### PROBLEM DETAILS
From the data below, return only the lines from the one with "La salle est" through the one with "APPROX 20-35 YR", exact and inclusive, with pictures left out.

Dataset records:
--*--
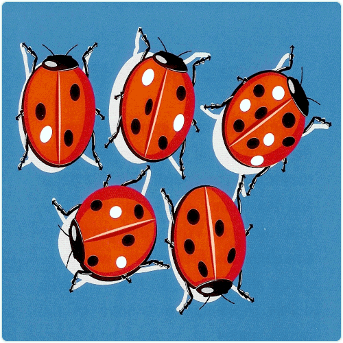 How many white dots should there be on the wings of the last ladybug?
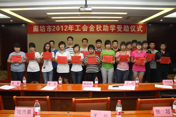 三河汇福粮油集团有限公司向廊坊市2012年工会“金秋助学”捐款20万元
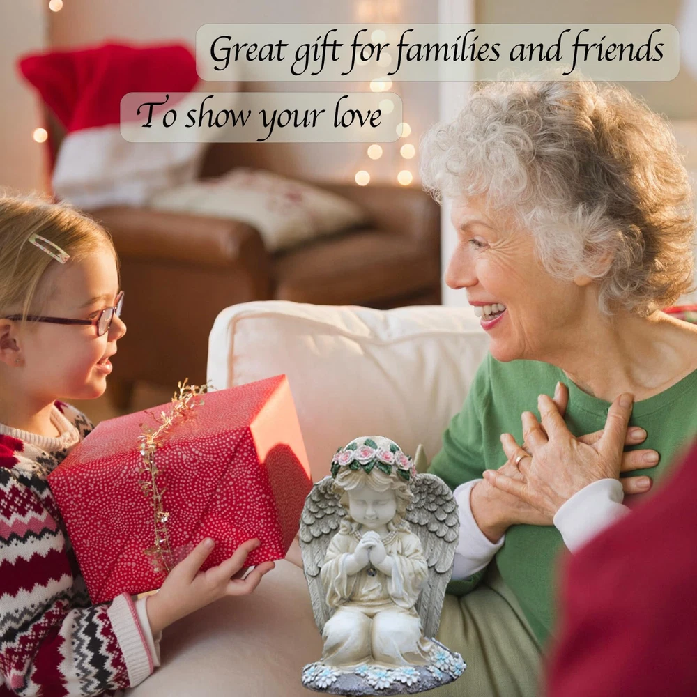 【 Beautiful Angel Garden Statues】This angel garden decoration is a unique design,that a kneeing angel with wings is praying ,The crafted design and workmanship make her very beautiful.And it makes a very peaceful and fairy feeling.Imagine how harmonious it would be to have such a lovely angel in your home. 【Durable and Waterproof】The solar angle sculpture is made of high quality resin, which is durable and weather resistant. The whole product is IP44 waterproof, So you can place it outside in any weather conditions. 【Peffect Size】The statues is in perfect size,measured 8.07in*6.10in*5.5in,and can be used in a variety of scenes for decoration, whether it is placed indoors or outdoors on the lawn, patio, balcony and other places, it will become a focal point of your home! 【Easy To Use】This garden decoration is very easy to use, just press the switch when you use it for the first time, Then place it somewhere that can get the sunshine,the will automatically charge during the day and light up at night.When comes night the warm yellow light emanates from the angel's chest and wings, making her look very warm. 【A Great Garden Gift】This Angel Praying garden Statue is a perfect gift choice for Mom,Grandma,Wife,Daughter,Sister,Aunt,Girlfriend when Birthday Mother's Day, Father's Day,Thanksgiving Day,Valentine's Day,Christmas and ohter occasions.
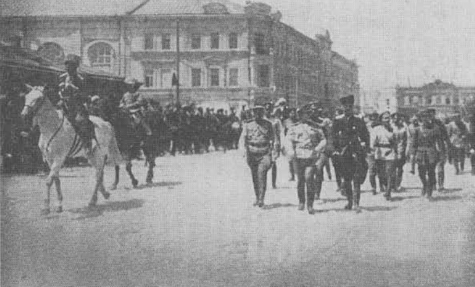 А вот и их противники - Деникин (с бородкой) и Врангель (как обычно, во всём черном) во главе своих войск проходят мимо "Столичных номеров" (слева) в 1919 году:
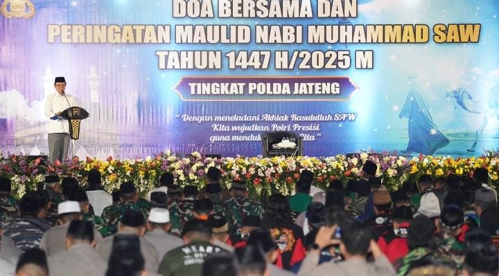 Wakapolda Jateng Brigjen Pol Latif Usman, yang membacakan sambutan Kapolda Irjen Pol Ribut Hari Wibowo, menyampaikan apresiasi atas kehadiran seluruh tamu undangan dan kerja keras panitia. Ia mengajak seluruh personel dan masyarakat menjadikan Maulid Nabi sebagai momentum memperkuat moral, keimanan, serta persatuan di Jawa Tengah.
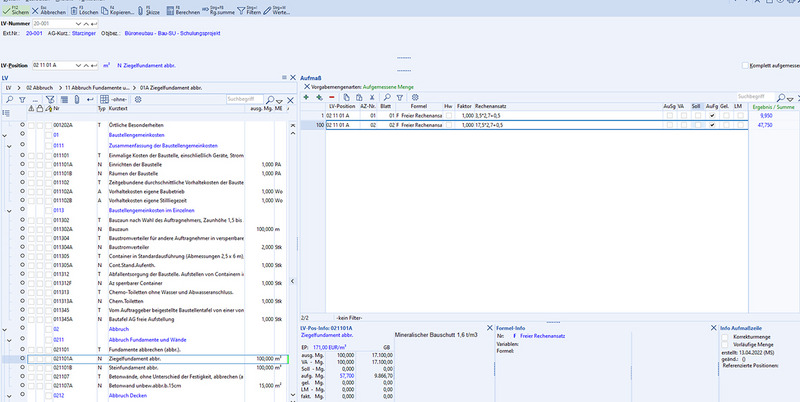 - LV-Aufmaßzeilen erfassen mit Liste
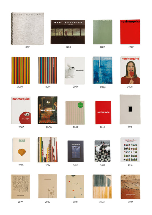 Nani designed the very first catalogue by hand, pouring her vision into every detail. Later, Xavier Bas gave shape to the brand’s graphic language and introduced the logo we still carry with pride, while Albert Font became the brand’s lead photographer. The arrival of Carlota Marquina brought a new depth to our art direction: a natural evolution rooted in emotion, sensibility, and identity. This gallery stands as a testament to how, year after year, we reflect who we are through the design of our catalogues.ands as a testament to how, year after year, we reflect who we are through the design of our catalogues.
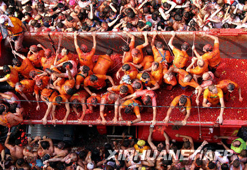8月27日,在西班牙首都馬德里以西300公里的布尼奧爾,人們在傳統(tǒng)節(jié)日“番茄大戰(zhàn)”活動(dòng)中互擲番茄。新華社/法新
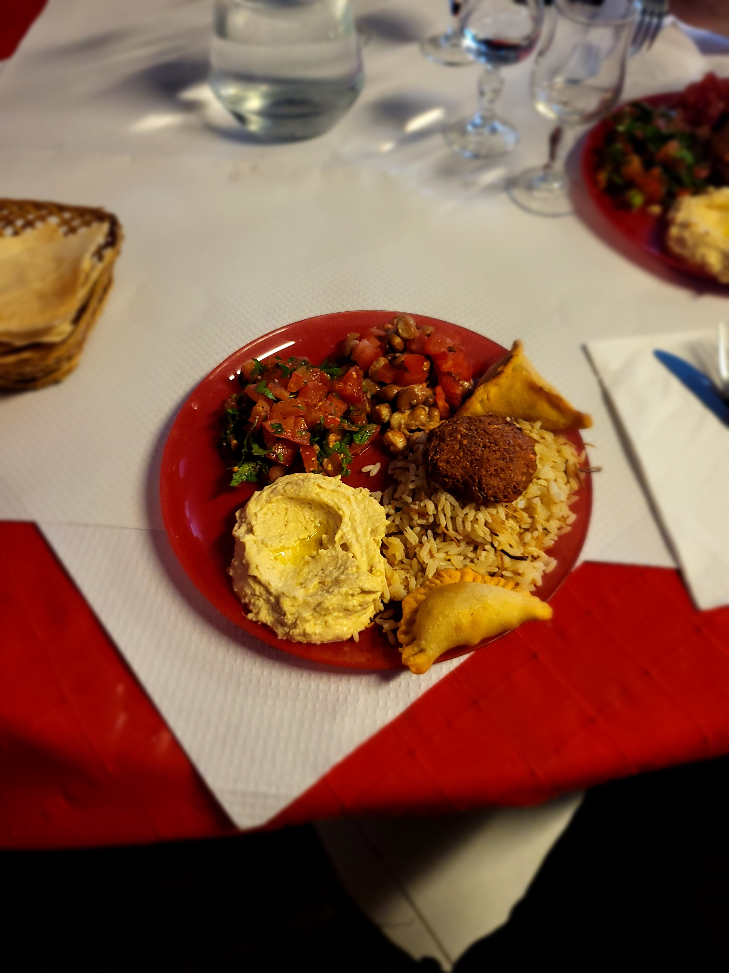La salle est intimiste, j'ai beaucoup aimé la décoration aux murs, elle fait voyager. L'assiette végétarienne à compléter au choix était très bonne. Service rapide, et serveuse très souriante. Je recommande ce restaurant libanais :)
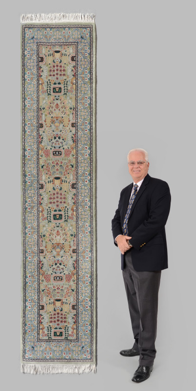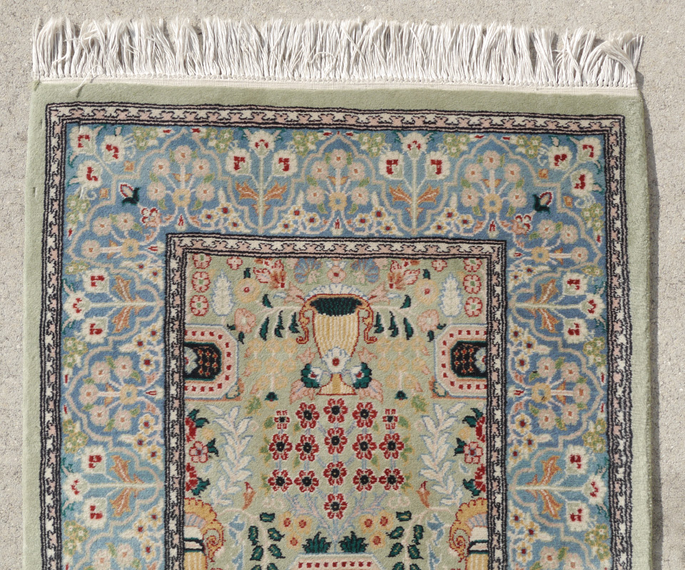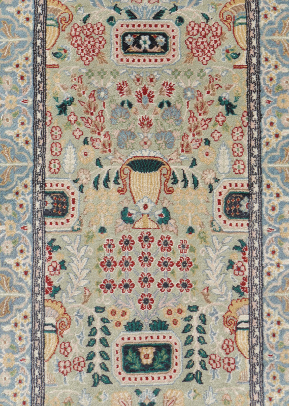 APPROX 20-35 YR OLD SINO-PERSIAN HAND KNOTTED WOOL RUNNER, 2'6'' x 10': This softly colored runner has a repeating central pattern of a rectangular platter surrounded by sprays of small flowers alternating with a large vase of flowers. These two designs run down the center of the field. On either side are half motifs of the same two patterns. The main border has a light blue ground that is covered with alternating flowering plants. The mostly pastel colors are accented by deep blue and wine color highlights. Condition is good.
--*--
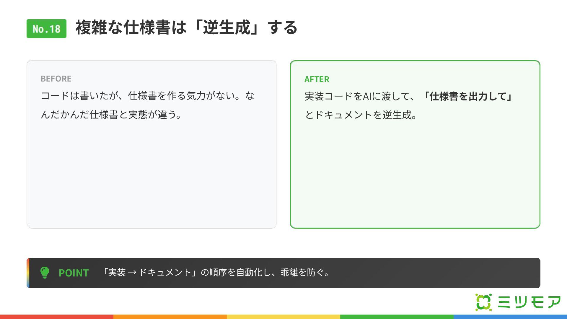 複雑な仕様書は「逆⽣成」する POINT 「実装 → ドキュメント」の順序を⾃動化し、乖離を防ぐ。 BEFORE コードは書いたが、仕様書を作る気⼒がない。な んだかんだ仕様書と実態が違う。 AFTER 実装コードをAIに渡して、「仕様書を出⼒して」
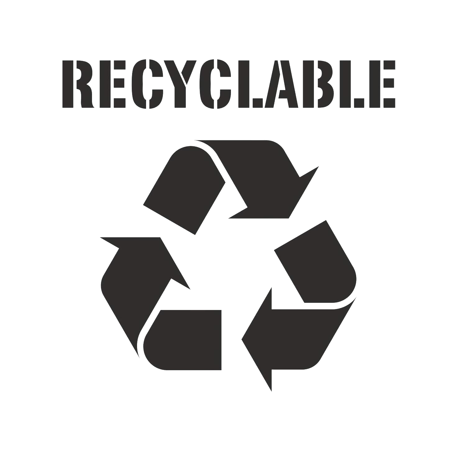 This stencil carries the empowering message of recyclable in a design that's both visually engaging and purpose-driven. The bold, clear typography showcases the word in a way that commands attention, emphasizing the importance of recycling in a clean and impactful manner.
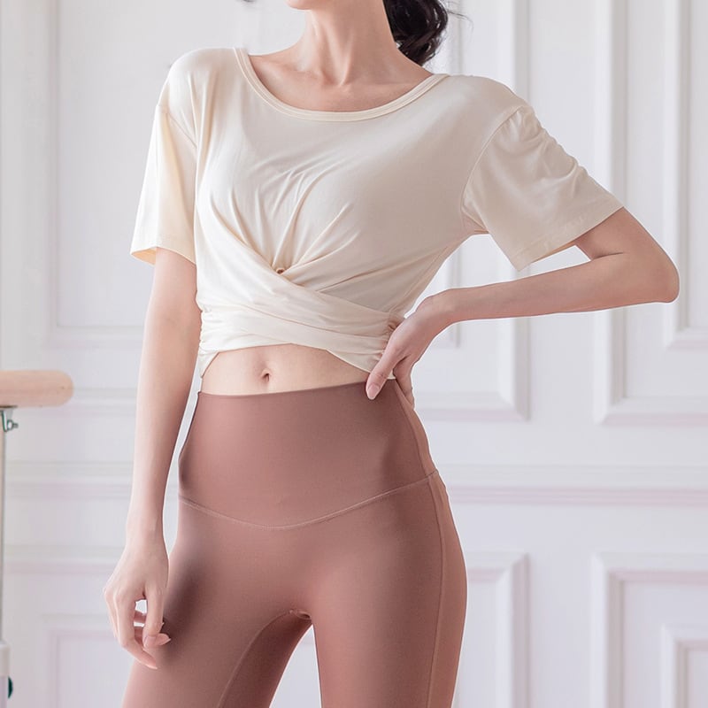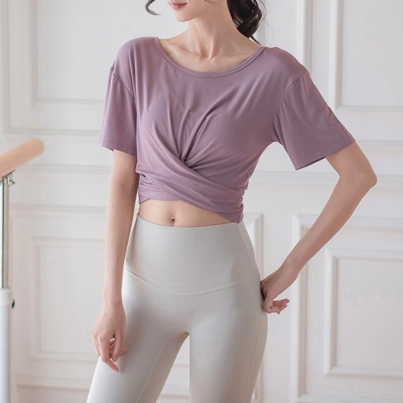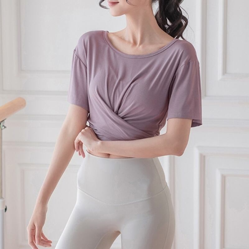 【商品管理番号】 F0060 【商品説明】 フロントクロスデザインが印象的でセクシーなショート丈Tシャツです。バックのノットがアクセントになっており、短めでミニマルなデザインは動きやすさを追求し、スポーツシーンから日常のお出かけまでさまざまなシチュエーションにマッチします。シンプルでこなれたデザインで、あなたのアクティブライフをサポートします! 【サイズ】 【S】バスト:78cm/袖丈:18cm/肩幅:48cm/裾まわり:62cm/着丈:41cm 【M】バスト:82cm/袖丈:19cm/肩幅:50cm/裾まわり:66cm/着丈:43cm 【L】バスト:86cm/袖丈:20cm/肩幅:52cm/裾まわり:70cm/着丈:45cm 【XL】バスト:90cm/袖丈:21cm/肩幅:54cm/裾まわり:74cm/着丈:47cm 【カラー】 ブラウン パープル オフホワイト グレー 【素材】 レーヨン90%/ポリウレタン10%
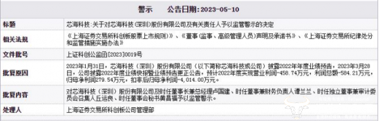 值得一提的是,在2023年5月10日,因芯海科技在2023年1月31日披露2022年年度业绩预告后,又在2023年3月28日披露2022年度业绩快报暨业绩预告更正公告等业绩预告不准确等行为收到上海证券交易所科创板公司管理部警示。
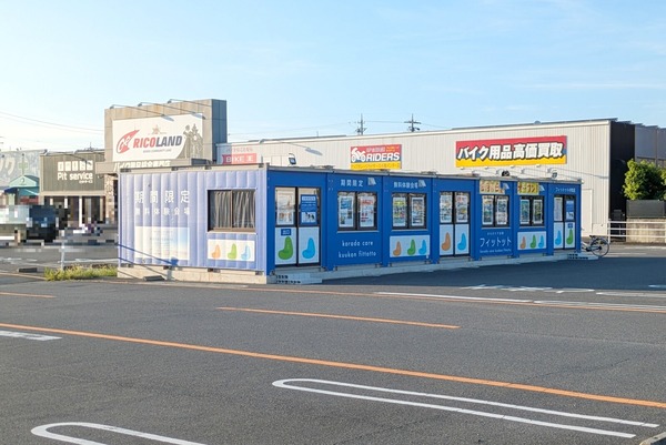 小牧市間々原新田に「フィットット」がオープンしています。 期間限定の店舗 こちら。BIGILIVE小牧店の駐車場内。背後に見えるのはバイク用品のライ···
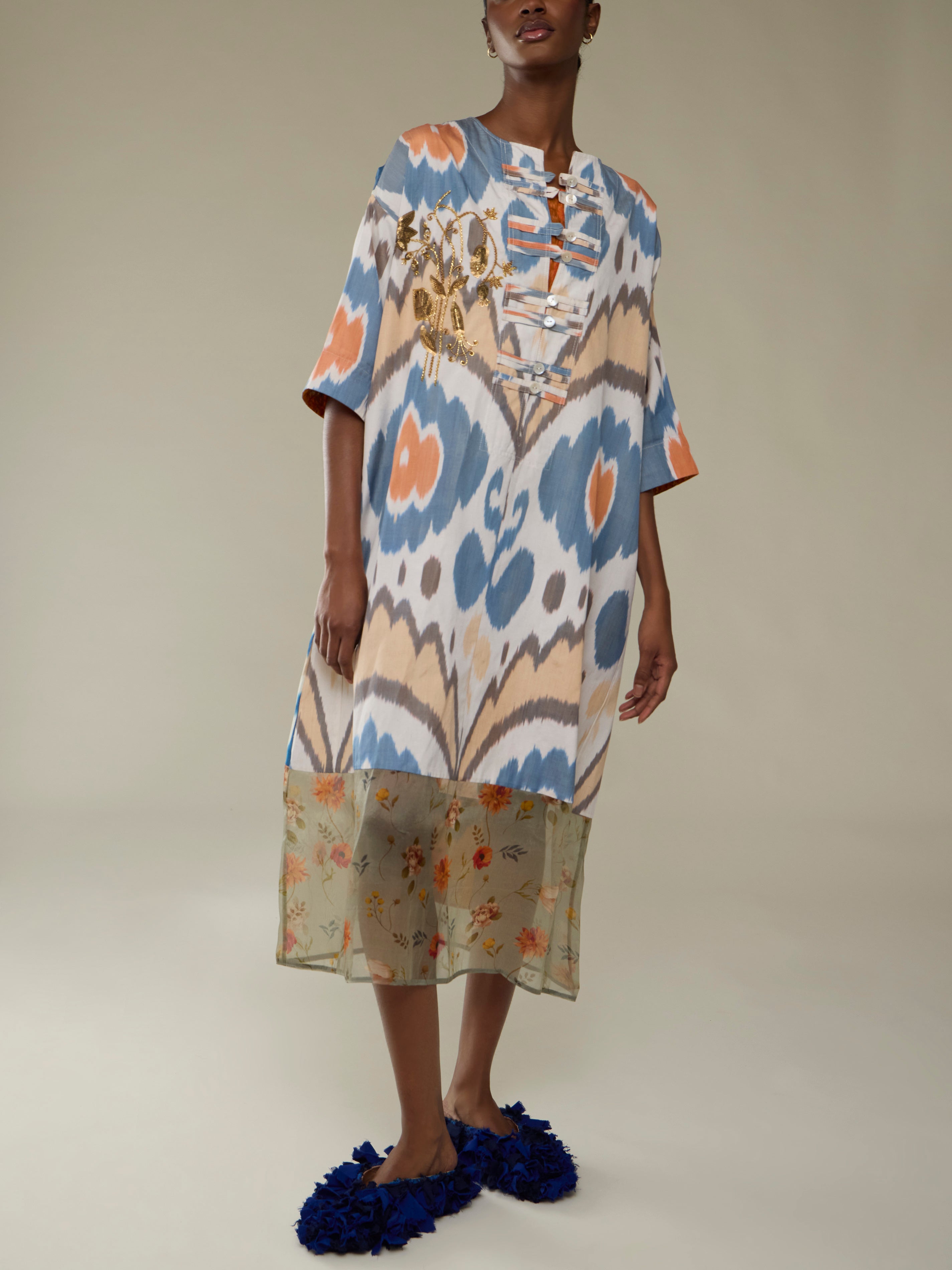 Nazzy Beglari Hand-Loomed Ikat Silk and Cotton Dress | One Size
--*--
### ANSWER TO THE PROBLEM
La salle est intimiste, j'ai beaucoup aimé la décoration aux murs, elle fait voyager. L'assiette végétarienne à compléter au choix était très bonne. Service rapide, et serveuse très souriante. Je recommande ce restaurant libanais :)
 APPROX 20-35 YR OLD SINO-PERSIAN HAND KNOTTED WOOL RUNNER, 2'6'' x 10': This softly colored runner has a repeating central pattern of a rectangular platter surrounded by sprays of small flowers alternating with a large vase of flowers. These two designs run down the center of the field. On either side are half motifs of the same two patterns. The main border has a light blue ground that is covered with alternating flowering plants. The mostly pastel colors are accented by deep blue and wine color highlights. Condition is good.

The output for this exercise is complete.